Resultaten
Tijdens de coronacrisis heeft 18 procent van de totale werkzame bevolking met een laag inkomen te maken gehad met een daling van inkomsten van minstens 5.000 euro op jaarbasis. Ruim 2 procent ervoer zowel een inkomensval als een terugval in het kunnen betalen van rekeningen. Gegeven dat de totale populatie werkenden met een laag inkomen uit 5,5 miljoen personen bestaat, gaat het hier om respectievelijk 990.000 en 130.000 personen. Als gevolg hiervan stijgt het aantal personen met schuldenproblematiek naar verwachting met minimaal 3 en maximaal 20 procent. Het totale aantal extra aanmeldingen voor schuldhulpverlening neemt naar verwachting toe met minimaal 3.000 en maximaal 18.000. Het jaarlijkse aantal schuldhulpvragen vóór corona bedroeg zo’n 90.000. Mensen die in de problemen kwamen doordat ze tijdens de lockdowns buiten beeld raakten bij de schuldhulpverlening, zijn in deze prognose niet meegeteld.

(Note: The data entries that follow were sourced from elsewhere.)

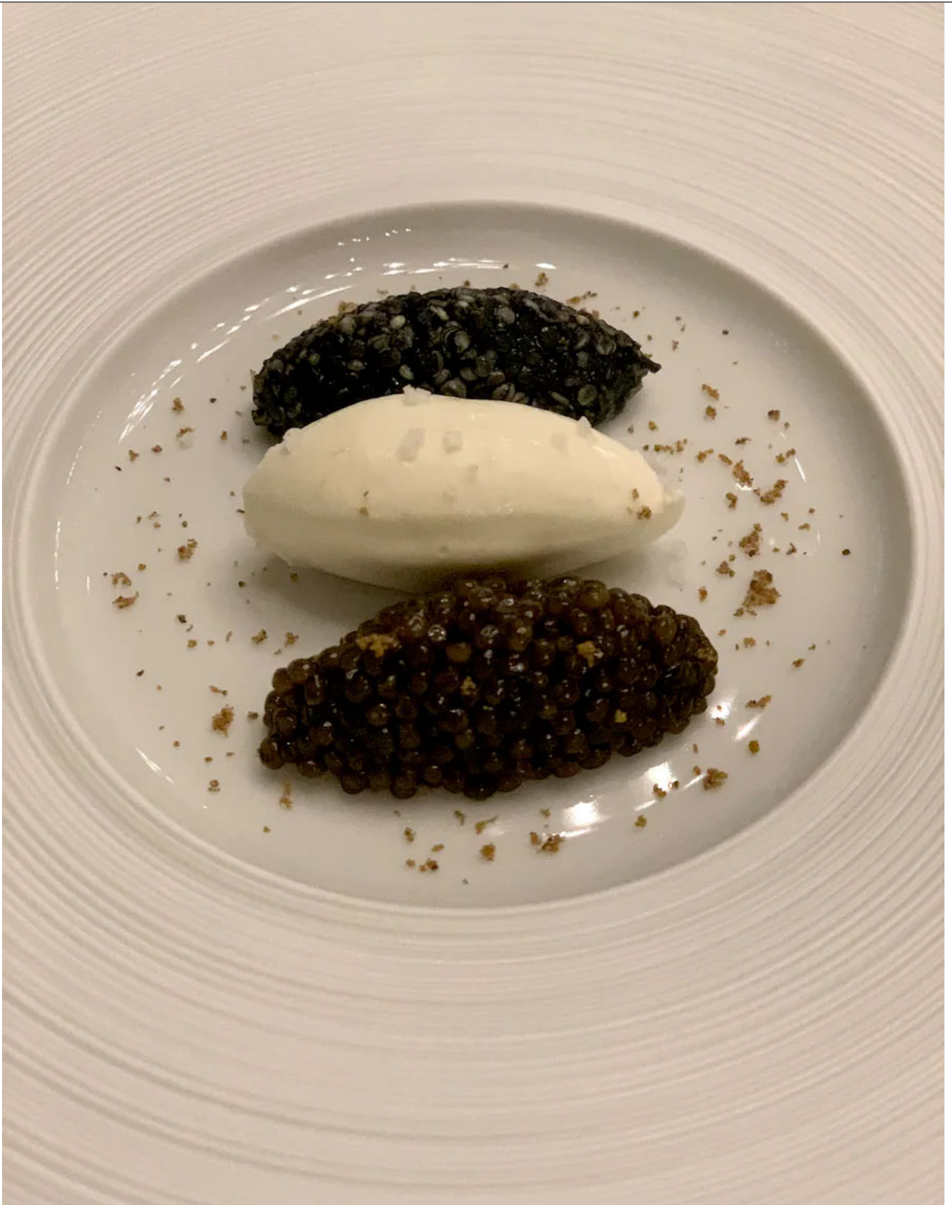
Drei Nocken zum Start: Kaviar, Sauerrahm, Quinoa.
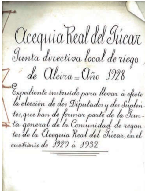
Document de l'any 1928 de la Junta Local de Reg de la Sèquia Reial del Xúquer.

Les juntes locals de cada poble s'ocuparen d'administrar l'aigua en els seus termes i es comportaven com les empreses gestores dels canals secundaris. En aquests canals les oligarquies locals tenien un paper determinant, ja que es concedia sols la meitat dels vots als propietaris urbans (Calatayud 2006: 60). Els termes municipals que pertanyien a la Comunitat, de fet, podien ser molt diferents entre ells, no sols pels privilegis concedits, sinó, per exemple, pel tipus d'agricultura. Podien ser productors d'hortalisses
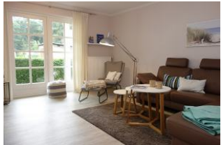
Das Wohnzimmer mit gemütlichem Leseplatz, großer Eckcouch....
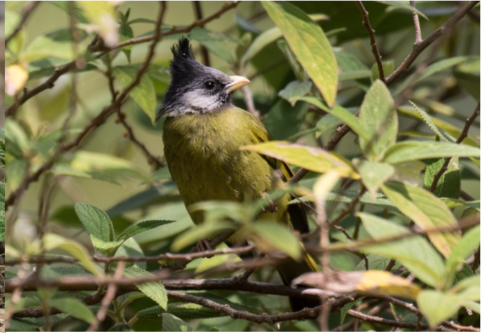
Toppfinkebylbyl, Doi Lang, vest
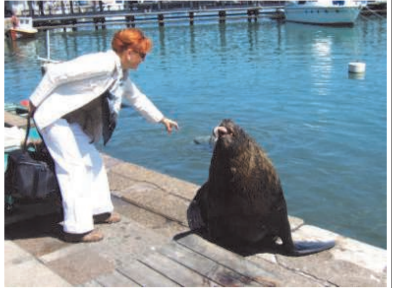
Морские львы охоти до свежей рыбки (курорт Пунта-дель-Эсте)

температура года. Около +25 С. Это середина весны. В декабре уругвайские и соседские: аргентинские, парагвайские, бразильские дети предвкушают: «Конец учебы! Летние каникулы!» 9-месячный учебный год в школах и университетах заканчивается в ноябре. Теплолюбивые уругвайцы радуются в сентябре: «Пришла весна!»

Het risico op problematische schulden als gevolg van inkomensval door corona doet zich vrijwel uitsluitend voor bij zelfstandigen en flexwerkers die werkzaam zijn in de getroffen sectoren. Dit zijn sectoren die door contactbeperkende maatregelen en vraaguitval een negatieve ontwikkeling van het arbeidsinkomen kenden ten opzichte van de situatie vóór corona. Deze risicogroep maakte bovengemiddeld vaak gebruik van coronasteun, waardoor zij extra kwetsbaar lijkt nu deze steun is komen te vervallen.


Het onderzoek
Deze resultaten volgen uit onderzoek dat SEO Economisch Onderzoek heeft uitgevoerd in opdracht van de NVVK, branchevereniging voor financiële hulpverleners. Dit onderzoek biedt inzicht in welk deel van de bevolking in financiële problemen is gekomen door corona. De negatieve economische schok die de coronacrisis teweegbracht, heeft vooralsnog niet geleid tot een toestroom van extra aanmeldingen bij de schuldhulpverlening. Ook het aantal faillissementen ligt op een historisch laag niveau. Dit alles kan niet los worden gezien van het brede pakket aan noodsteun dat aan het begin van de coronacrisis is opgetuigd en per 1 april 2022 volledig ten einde is gekomen. Nu deze steun is weggevallen, rijst de vraag of de schuldhulpverlening rekening moet houden met extra aanmeldingen in de komende jaren.

Methode
De prognose van de toename in schuldenproblematiek en het daaruit volgende extra beroep op schuldhulp is gebaseerd op een enquête onder 500 werkenden met een relatief laag inkomen – tot 3.500 euro bruto per maand voor werkenden in loondienst en tot 45.000 euro per jaar voor zelfstandigen. De enquête bestaat uit vragen over de persoonlijke financiën vóór, tijdens en ná de coronacrisis. Een vertaling van de enquêteresultaten naar populatieniveau vormt de basis voor de verwachte verandering van het aantal hulpvragen als gevolg van de coronacrisis. Hiertoe worden de enquête-uitkomsten representatief gemaakt voor de gehele populatie. Dit gebeurt door middel van weging van de enquêteresultaten, waarbij antwoorden van typen werkenden die oververtegenwoordigd zijn in de steekproef een kleiner gewicht krijgen.

De uitkomsten van de enquête onder werkenden worden aangevuld met resultaten van een uitvraag onder 17 schuldhulpverleners. In deze uitvraag is schuldhulpverleners gevraagd naar de gevolgen van de coronacrisis voor de hulpvragen die zij nu al zien en voor de verwachte toestroom in de komende jaren.